Some ways IT can help you prioritize safety include: 

  • Video conferencing solutions allow users to still participate in meetings even when working from home. 
  • Cloud-based location services, such as Cisco DNA Spaces, give you the data to support a safe and intelligent workspace by monitoring and sharing occupancy levels in real-time.
  • Cameras help you monitor social distancing and other work-related safety measures.

Flexibility in a Hybrid Work Environment

You have to configure your hybrid work environment to allow for flexibility since your employees aren’t all sitting in their office cubicles every day.

Today, the most common hybrid work schedule is two days in the office and three days at home. 

On any given workday, you’ll have employees working onsite or offsite and frequently switching between the two based on their needs. 

For many organizations, this means you’re rethinking what your physical office space looks like based on how many people are coming into your offices. However, even if you choose to downsize, you’ll need to invest in ways to make your space hybrid-work friendly. 

For example, you may need to modify or redesign their in-office work environment to promote social distancing. Or, you may need to embrace technology, such as secure access services edge (SASE) architecture to support safe and seamless access from anywhere.

Security for a Hybrid Workplace

A hybrid workforce is great for giving employees the safety and flexibility they’re looking for in a job. However, there are significant security implications if you fail to create a secure hybrid work environment.

When you have employees working remotely at any point, it increases your attack surface. Instead of having one network to keep threats out of, each user operates on their own network and puts your IT environment at risk. 

Additionally, when working from home, you have little control over your user’s home network security and internet usage on work devices. 
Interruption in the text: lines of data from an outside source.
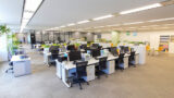 採光豊かな広いオフィス空間と、会議室・重役室・セキュリティゲート配置のエントランススペース・受付カウンター・廊下があり、様々なオフィスシーンの撮影に活用できます。
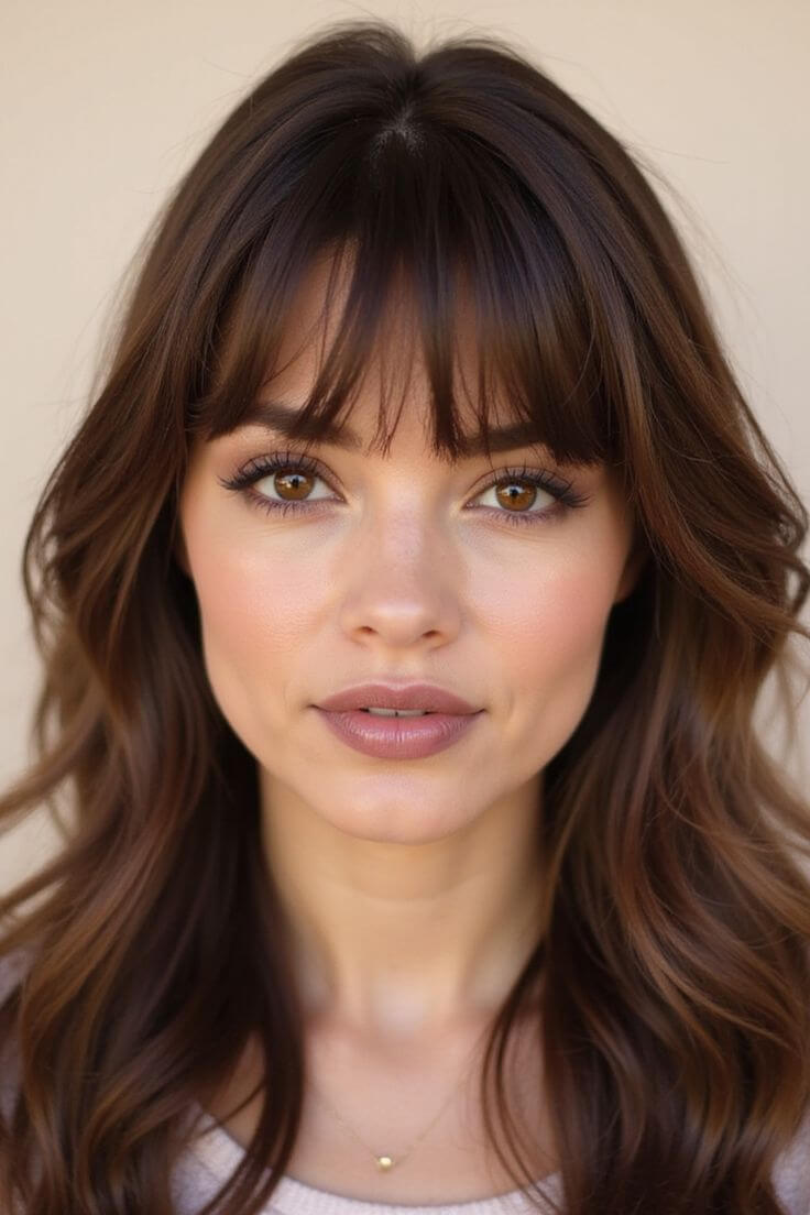 Avoid heavy, blunt bangs which box in the face. Wispy strands add softness.
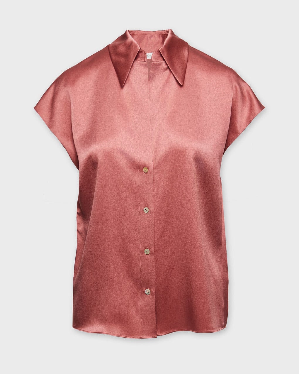 Blouse Silk Cap-Sleeve Ruched-Back Experience timeless elegance with this 100% silk blouse. It features a relaxed fit, pearl buttons, and subtle ruching at the back that creates a sophisticated silhouette. The soft, lustrous finish in the Peony Wood shade makes it a perfect choice for both everyday wear and special occasions. Size and Fit - Fits true to size, choose your usual size Specification - Article number - ID: 175771-756 - Brand: Vince - Color: Wood - Washing Instructions: Dry clean - Made of: 100% silk
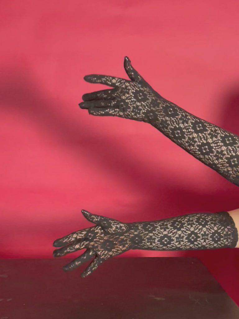 The delicate floral pattern adds a subtle touch of drama, while the stretchy nylon-elastane blend ensures a comfortable fit for all hand sizes. Designed to sit just below the elbow, they measure approximately 46cm from fingertip to cuff and can be worn at full length for a refined look or gently ruched down for a vintage, bracelet-length style.
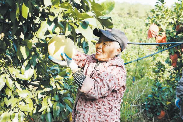 近日,江西省上饶市广丰马家柚迎来丰收季,果农们忙着采摘金黄的柚子。曾经的荒坡秃岭,如今已被连绵的柚林覆盖。柚林不仅成为当地群众的“绿色银行”,更在防风固土、涵养水源中扮靓了乡村。 李春仙摄
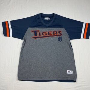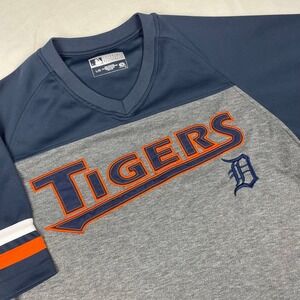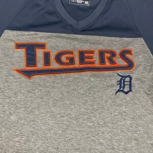 Detroit Tigers MLB True Fan Jersey Mens Large Navy Gray Colorblock V-Neck Shirt
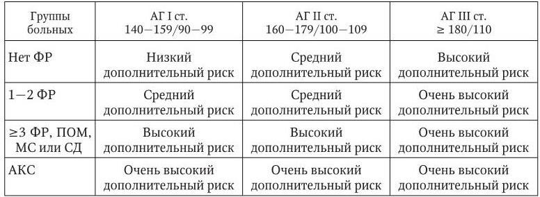 В зависимости от степени повышения АД, наличия факторов риска, признаков поражения органов-мишеней, сахарного диабета, метаболического синдрома и ассоциированных клинических состояний пациенты, страдающие АГ, могут быть отнесены к одной из 4 групп: низкого, среднего, высокого и очень высокого дополнительного риска (табл. 1.7). Низкому риску соответствует вероятность развития сердечно-сосудистых осложнений и смерти от них в ближайшие 10 лет < 15 %, среднему риску – 15 – 20 %, высокому – 20 – 30 % и очень высокому > 30 %. Оценка общего сердечно-сосудистого риска является обязательным компонентом диагностики АГ и имеет большое значение при выборе тактики лечения больного.
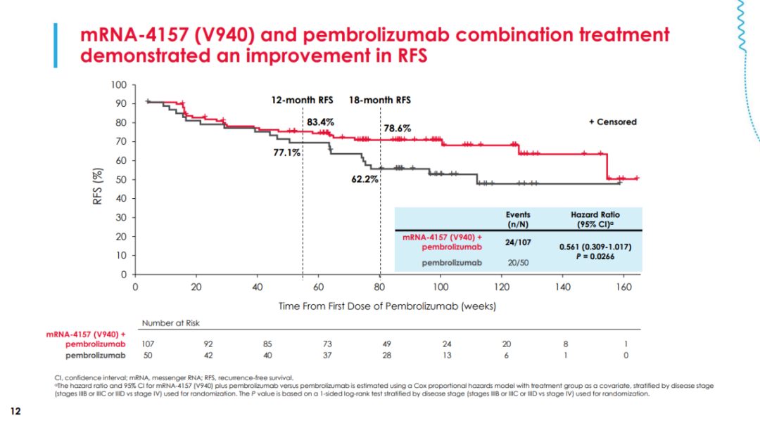 本次AACR大会上公布的最新数据显示,mRNA-4157+Keytruda联合治疗组中有22.4%的患者(n=24/107)报告复发或死亡,而接受Keytruda单药治疗的患者有40%(n=20/50)报告复发或死亡,中位随访时间分别为23和24个月。
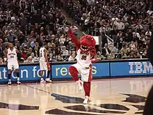 Initial sentiment was in favour of reviving the Huskies nickname, but team management realized it would be nearly impossible to design a logo that did not substantially resemble that of the Minnesota Timberwolves to avoid confusion with that team.[18] As a result, a nationwide contest was held to help name the team and develop their colours and logo. Over 2,000 entries were narrowed down to eleven prospects: Beavers, Bobcats, Dragons, Grizzlies, Hogs, Raptors, Scorpions, T-Rex, Tarantulas, Terriers and Towers (the eventual runner-up).[1] The final selection—Toronto Raptors—was unveiled on Canadian national television on May 15, 1994:[1] the choice was influenced by the popularity of the 1993 film adaption of the 1990 science fiction novel Jurassic Park by Michael Crichton; The name "Raptor" is a common informal name for the Velociraptor, a species of dinosaur featured in the film. On May 24, 1994, the team's logo and first general manager, Isiah Thomas, were revealed at a press conference.[1] As part of the deal, Thomas received an option to purchase part of the team, reportedly for under market value.[19][20] He would purchase 4.5 per cent in May 1995[21][22] and a further 4.5 per cent in December 1995,[20][23] half each from Bitove and Slaight, decreasing their share to 39.5 per cent.[1][24] The team's colours of bright red, purple, black, and silver were also revealed; "Naismith" silver was chosen to honour Canadian James Naismith, the inventor of basketball.[1] The team originally competed in the Central Division,[25] and before the inaugural season began, sales of Raptors merchandise ranked seventh in the league, marking a successful return of professional basketball to Canada.[1]
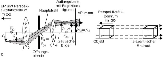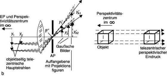 Bei visuellen optischen Instrumenten wird das Perspektivitätszentrum in die Eintrittspupille (Blende) abgebildet, die auch bei objektiven optischen Instrumenten das Perspektivitätszentrum ist, dessen Lage gegenüber dem abzubildenden Objekt die P. bestimmt (Abb. 2). Bei der entozentrischen P. (Abb. 2a) liegt wie beim normalen Sehen das Perspektivitätszentrum hinter dem Objekt, so daß eine perspektivische Verkürzung entfernter Objektlängen auftritt. Telezentrische P. (Parallelperspektive) mit im Unendlichen liegendem Perspektivitätszentrum liegt bei objekt- bzw. beiderseitig telezentrischem Hauptstrahlengang vor (Abb. 2b und c). Bei dieser beim Mikroskop und bei optischen Meßinstrumenten verwendeten P. werden alle Strecken unverkürzt, maßstabsgerecht abgebildet. Verlagert das optische System, wie z.B. bei der Betrachtung durch eine Lupe (Abb. 2d) das Perspektivitätszentrum vor das Objekt, erhält man hyperzentrische P., bei der sich nur die rückwärtigen Verlängerungen der Hauptstrahlen im Perspektivitätszentrum schneiden. Bei dieser unnatürlichen P. erscheinen entferntere Objekte größer als nähere. Ebenfalls unnatürlich infolge Vertauschung von Vorder- und Hintergrund ist die pseudoskopische P. des mit der konjugierten Welle rekonstruierten reellen Bildes bei der Fresnel-Holographie (Abb. 3).
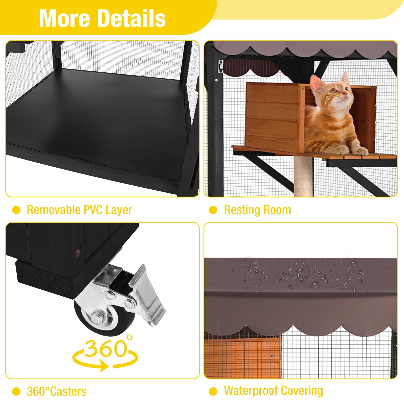 Das perfekte Zuhause für deine Samtpfoten! Dieses X-Zone Katzenhaus aus massivem Holz bietet auf 9,07 m² alles was deine Katze braucht. Mit wasserdichtem Asphaltdach, großem Balkon zum Sonnen und zwei Etagen zum Spielen und Schlafen. Das Dach lässt sich öffnen - super einfach zu reinigen! Die Rampe aus 100% Massivholz fault nicht und die PVC-Vorhänge an den Türen halten die Wärme drin. Für bis zu 3 Katzen bis 15lbs geeignet. Einfach montieren mit vorgebohrten Löchern. Ob Regen oder Sonne - deine Katze hat immer einen sicheren und gemütlichen Platz. Deine Katze wird es lieben!

So when thinking about your hybrid work environment, you have to think of how to keep your data and company assets secure. 

Here are a few categories of security to consider: 

  • Access, such as zero-trust networking, Wi-fi 6, and SASE
  • Collaboration, which includes secure audio, video, and messaging platforms
  • Visibility through enhanced digital experiences like Cisco DNA Spaces, the Meraki dashboard, or ThousandEyes monitoring

Another valuable tool to consider is a teleworker risk assessment, which reviews what technology you are and aren’t using to provide your users a secure remote work experience. 

Your Business’s Future with Hybrid Work

Hybrid work is here to stay, and as an organization, you’ll need to figure out how to create a seamless experience for your employees. 

The best hybrid work environments will take employee safety into account and offer the flexibility to meet new worker needs. 

Of course, your organization’s security is of the utmost importance, so you’ll need to implement policies and solutions to keep your data secure no matter how your users are connecting to your network. 

As you contemplate how you’ll make all of these evolving pieces connect, you should consider a teleworker risk assessment, which evaluates how your organization’s remote workforce security stacks up against current threats.